Originally posted by FruitfulRogue

Im just curious what it is about Yasuo that makes his case more reasonable?

And why "should" Caitlyns change but yasuos shouldn't? It feels awful pick and choose. Bias even.

Yasuo has a FAR higher access to mobility then Caitlyn yet he should get the exception and she no longer should? Tbh I think neither should change.

Both Yasuo's Q and E are meant to function like non-abilities. Yasuo Q is mean to function like an attack: Cooldown and cast time scale with attack speed. It scales with AD and crit and applies on-hit effects like all basic attacks do.
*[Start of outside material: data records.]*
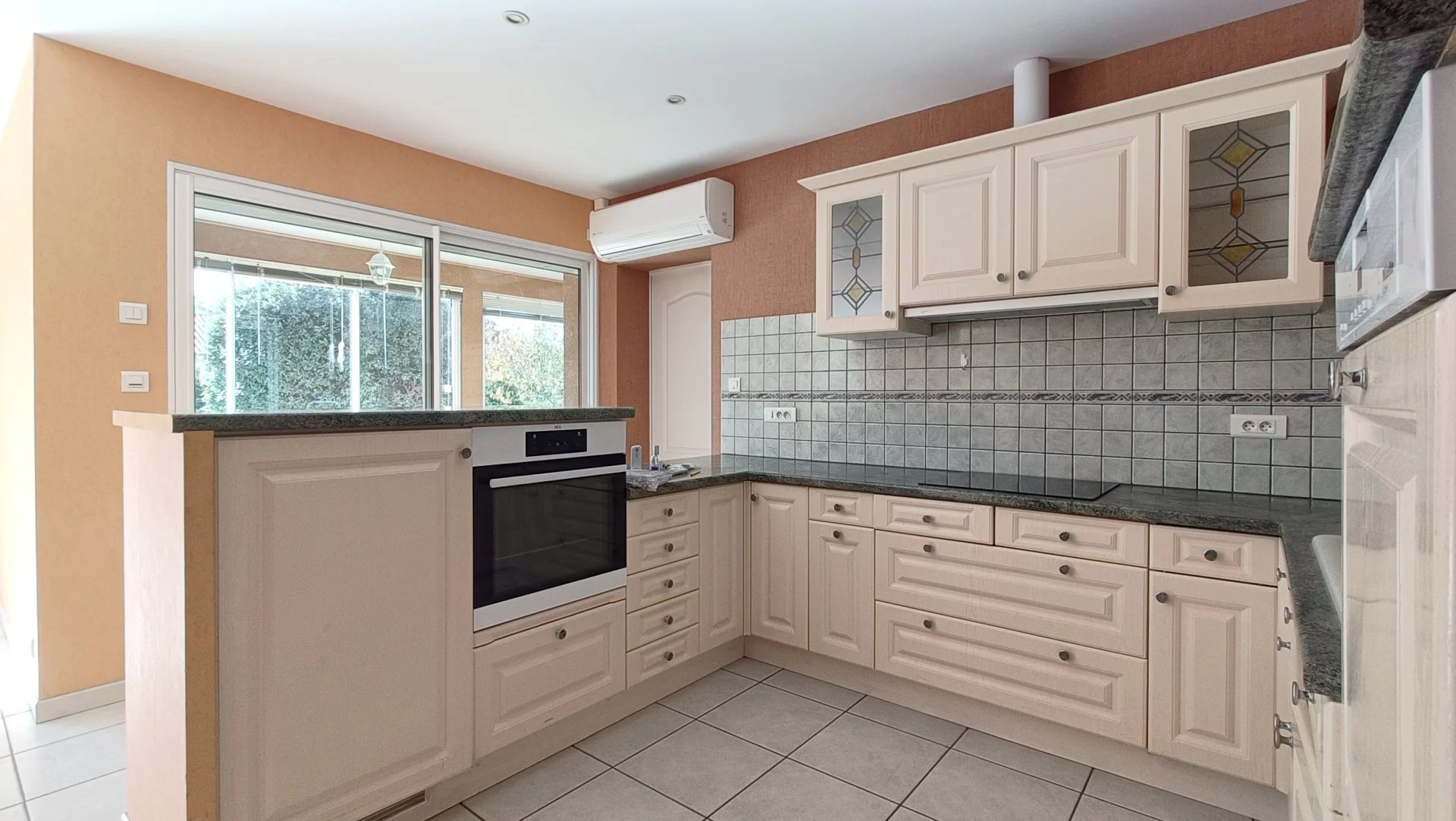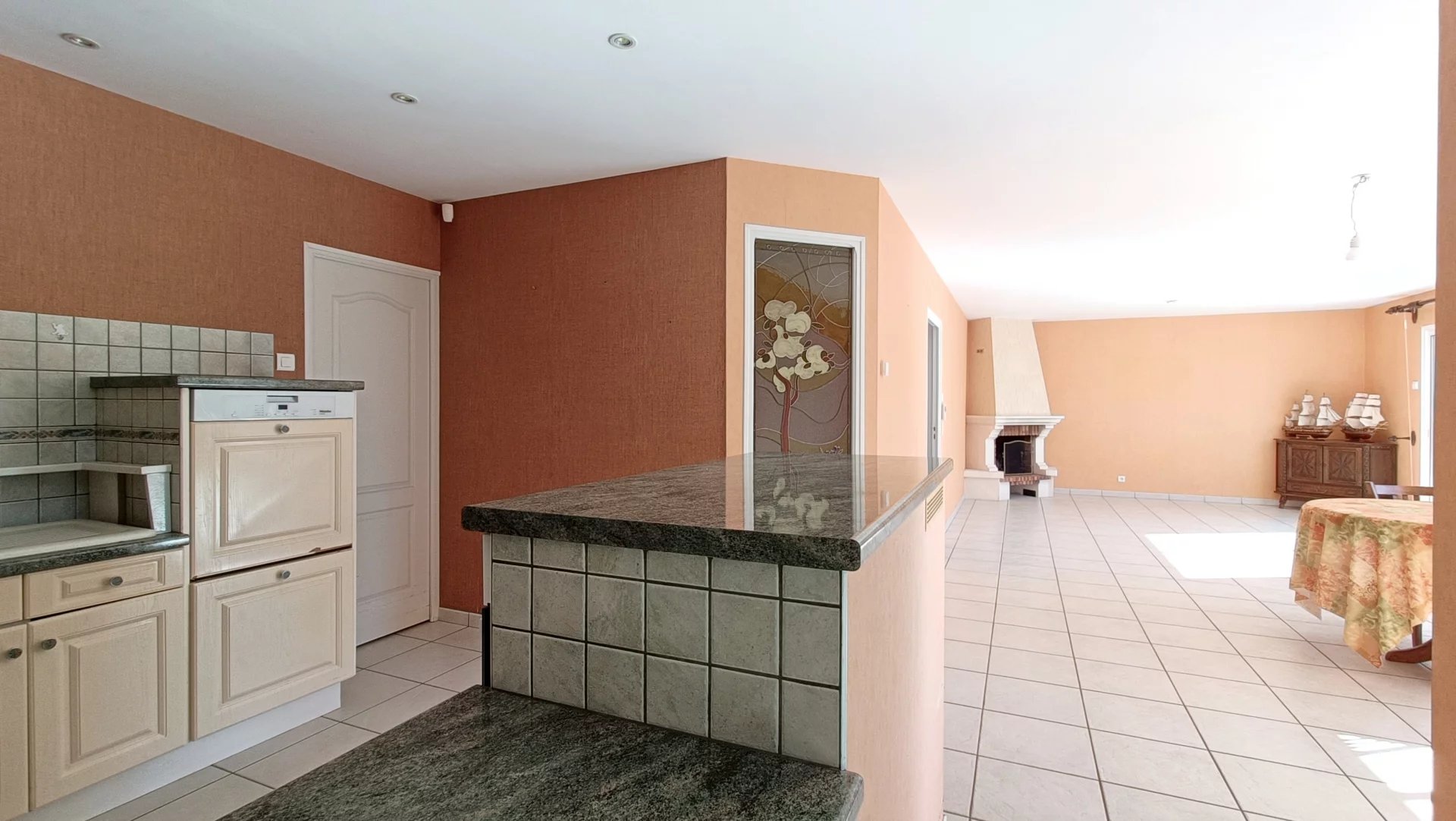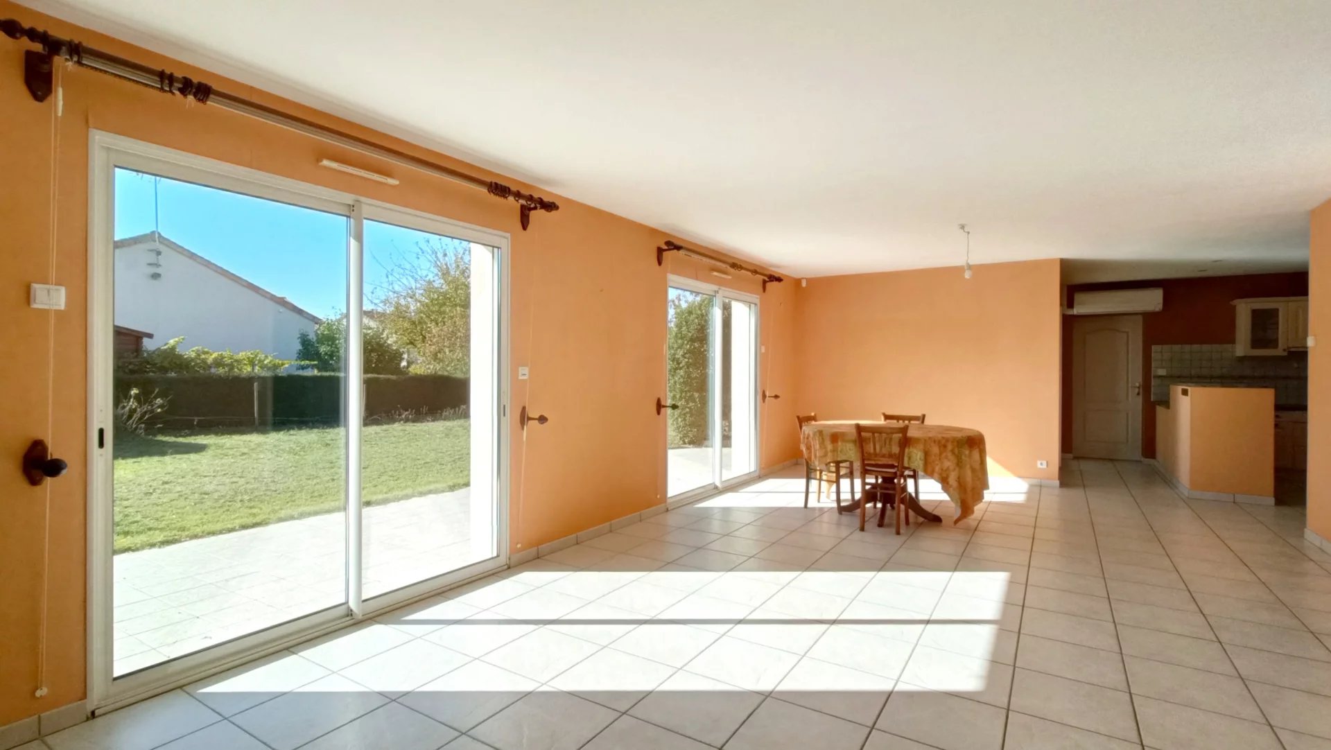 GOURDON IMMOBILIER vous propose à la vente, sur la commune de Neuville de Poitou, à 850 mètres du centre, proche commodités et commerces, une maison de plain-pied, 113 m2 habitables, comprenant : entrée, salon avec cheminée, salle à manger, cuisine aménagée et équipée avec cellier attenant, véranda, dégagement, trois chambres avec placard, WC, salle d’eau. Garage avec mezzanine de stockage, bureau. Terrain clos et paysagé de 976 m2.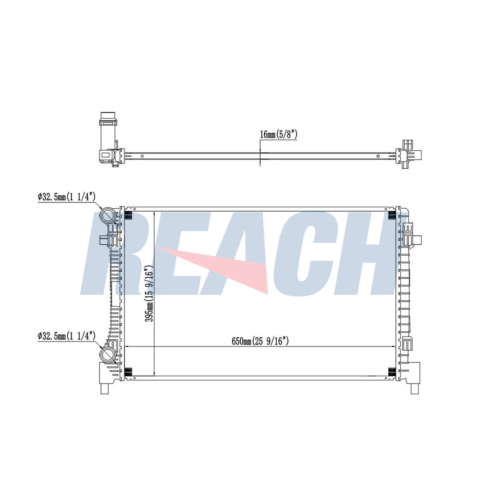 дълбочина на мрежа: 34mmдължина на мрежа: 650mmизпълнение на охладител: механично съединени охлаждащи ламелиматериал на ламелите на радиатора: алуминийматериал на резервоар (охладител): пластмасаширина на мрежа: 416mm
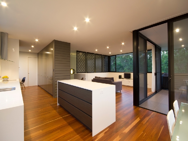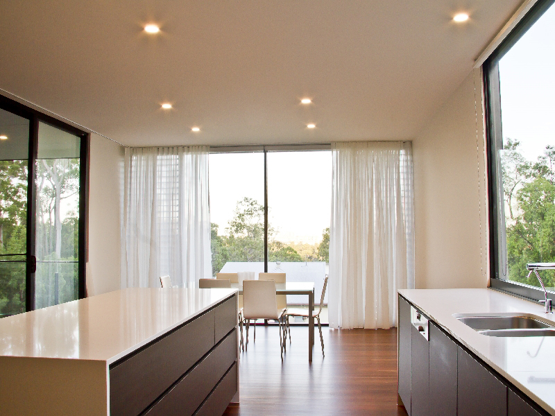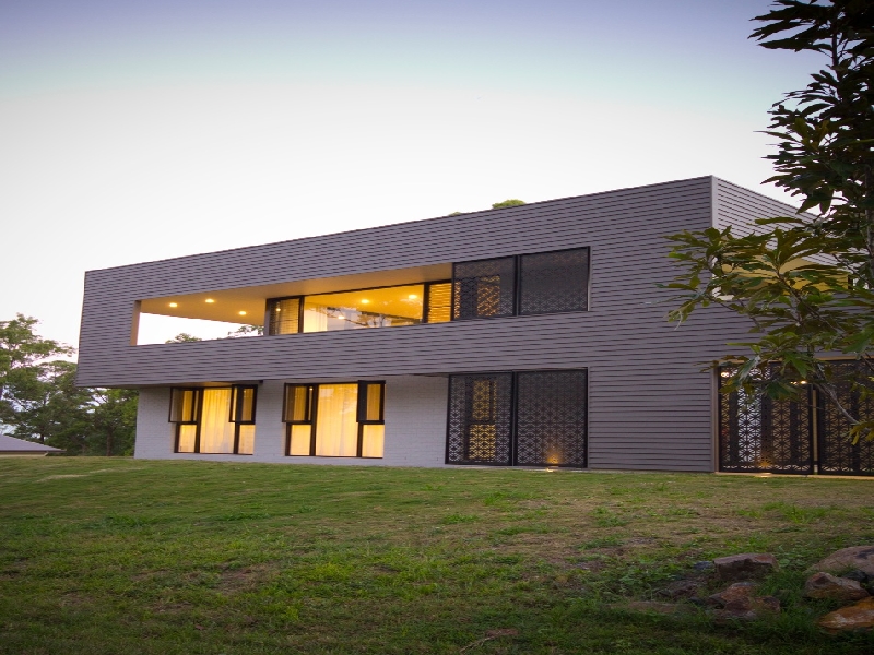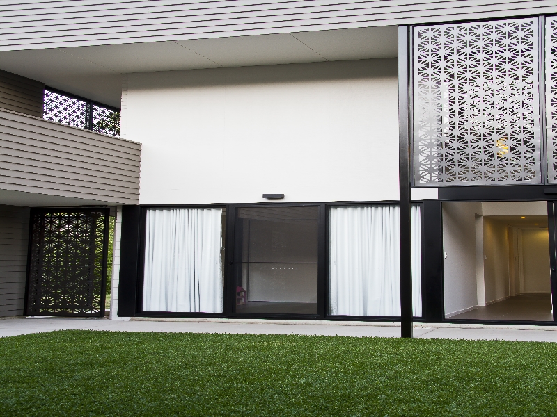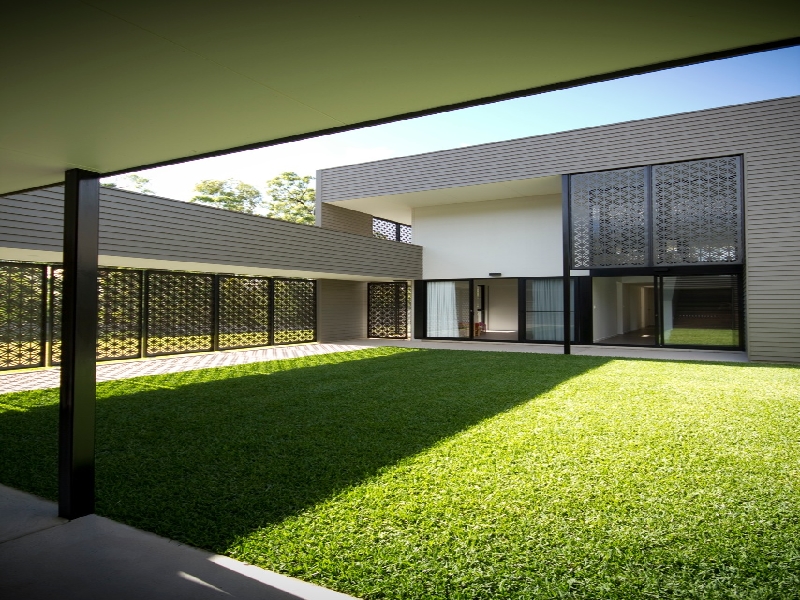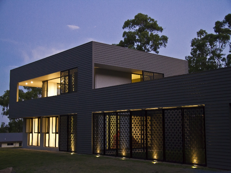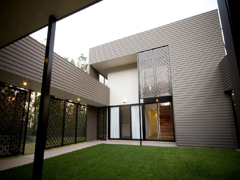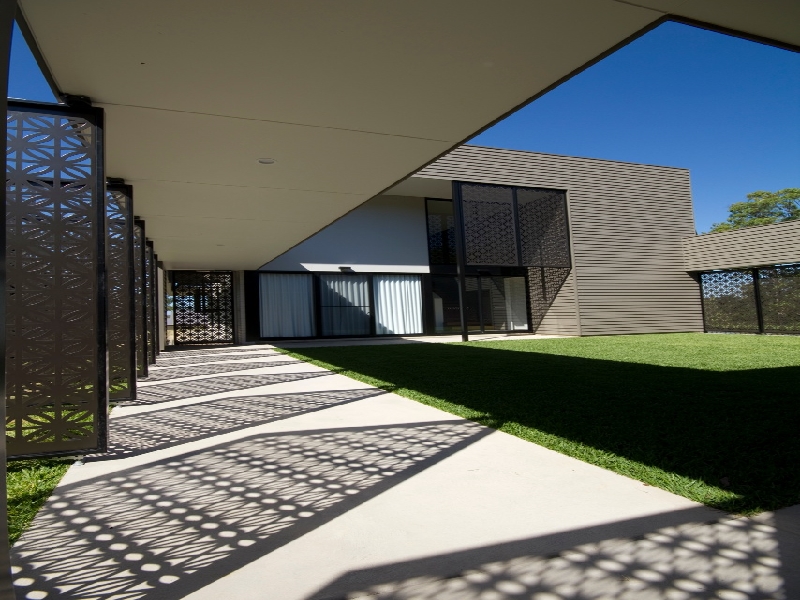 Nestled amongst the gumtrees, on a sloping bushland site with coastal and hinterland views, the residence designed by Jamison Architects essentially comprises of two pods linked by an interesting feature courtyard surrounded by intricate laser cut screens. The courtyard forms a unique entry experience for the residence and will also be enjoyed as an ‘outdoor room’ for play and entertainment.

Yasuo E is meant to be special by design. It's a nearly-zero cooldown dash so it also has its special drawbacks: It always goes a specific distance and unlike other dashes it self-stops on any root or stun.

By contrast, Caitlyn E is just an ability. The designer meant to allow Caitlyn to cast it while rooted, unlike other dashes. But of course to be fair, made the ability only throw out the net in that case. But it meant she can't do the stun/root buffer unlike every other dash in the game. There's some intent there as well, but it's more like the buffer loss is a casualty as opposed to an intended weakness.

Comment

Originally posted by TipiTapi

..and then you get to dashes that stop dashes (Vault, body slam, flag and drag, vault breaker, wall dive) and it gets stupid. You can consistently stop a few of these, you can consistently NOT stop a few and there are some where it just seems... random?

"Dashes that stop dashes" is just a fancy name for "abilities that knock-back." Anything that forces movement overwrites other movement. But again, the prior rule about completing casts.